SBL Simulator

This chapter describes the SBL simulator: how to use it and how it works.

User's Guide to the SBL Simulator

The simulator runs on top of PVM version 3.3.4 or later. It can be run on more than one machine, but all machines need to have the same virtual address size. It has been tested on the network of DEC ALPHA workstations as well as the network of LINUX PCs.

To run the simulator you need to install first PVM software. Refer to PVM documentation to properly install this package. The simulator works with internet sockets only, so you need to define NOUNIXDOM in PVM configuration file before you compile PVM. SBL checks this condition and prints error messages indicating what exactly should be done if it is not satisfied.

Each SBL process is represented by one PVM task. Standard output and standard error of processes started with SBL_Spawn go to temporary file (in standard configuration it is /tmp/pvml.userid on each node).

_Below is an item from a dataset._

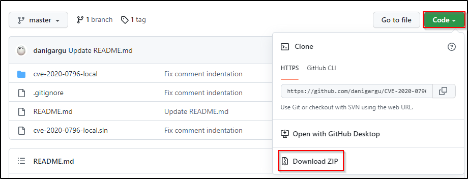首先,我们从 GitHub 获取 SMBGhost 漏洞的利用程序的源码文件,并将其解压缩。
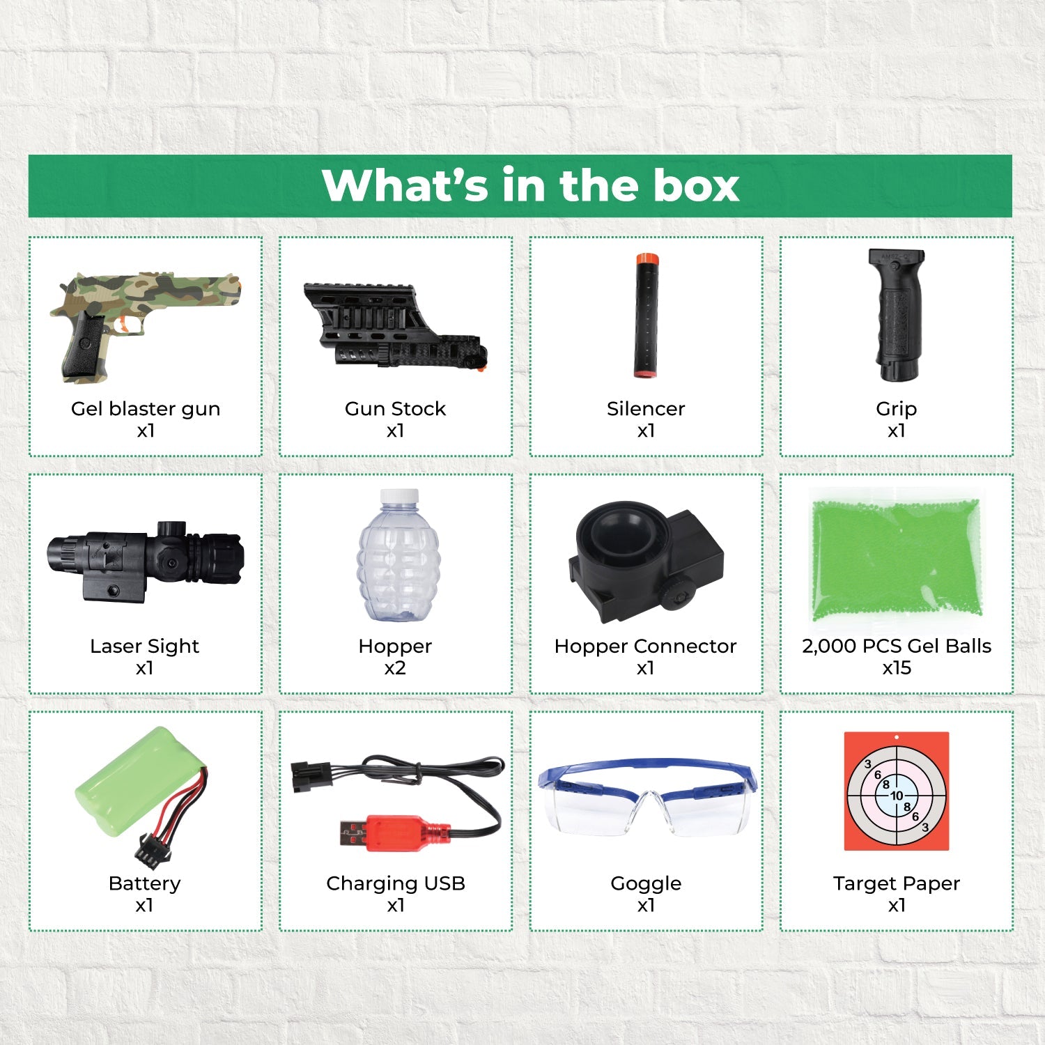 • But that's not all - the Contixo GB1 Automatic Gel Ball Blaster Battle Ready Kit has your back! It's packed with all the essentials for your EPIC battles. You'll receive a fully charged Gel Ball Blaster Gun, a fast charging cable for up to 4 HOURS of playtime, a gravity-fed hopper holding 500 Gel Balls, and a Grip & Laser Guide for unbeatable accuracy. Plus, we've got you covered with a pair of safety goggles and a 15-pack of 2000 pre-hydrated gel beads - because safety and fun go hand in hand!

The simulator consists of the following source files:

The following restrictions are introduced by this simulator:

Making SBL Simulator

To make SBL library, go to sbl/src directory and "make depend" followed by "make".

CLIENTSERVER compilation variable is defined in SBL makefile (in DEFINES macro). When this variable is defined, SBL takes care of cases when processes die unexpectedly. In such cases, PVM delivers notifications to surviving processes, and SBL is able to clean up its state. With CLIENTSERVER undefined, SBL library is oblivious to deaths of other processes.

The correct semantics of SBL is obtained with CLIENTSERVER defined, at the cost of a few spurious error messages printed by PVM daemons. If you run only multicomputer programs, where processes do not die unexpectedly, you can undefine CLIENTSERVER in SBL makefile and avoid these messages. For more discussion see below.

SBLMALLOC compilation variable is defined in SBL makefile. When this variable is defined, SBL supplied malloc is used instead of standard malloc. You should not undefine this variable, because PVM may call malloc from inside functions called by SBLSIG handler.

Starting a New Program

To start a new program you need to start PVM (PVM daemon on each node).

Next, you can start your own program in a standard way (for example from shell prompt).

If nodes in your PVM machine use the same file system (NFS mounted), you can keep one copy of an executable, and start it with absolute path (this path must identify the executable on all nodes). Alternatively, you can place executables in default PVM directory for binaries (in the standard configuration it is ~/pvm3/\$(PVM\_ARCH)/bin).

Debugging

SBL supports collecting event traces (logs) of SBL processes. Logging is non-invasive, and does not require network communication until a log is printed to a file.

Each process can produce its own log. To do so, SBL should be compiled with DEBUG defined and LOGDIR set to the path where log files should go. By default this is /u/$(LOGNAME)/tmp. Note that the same directory is used by each process, so it should be accessible on all nodes running given SBL program (for example, by using NFS).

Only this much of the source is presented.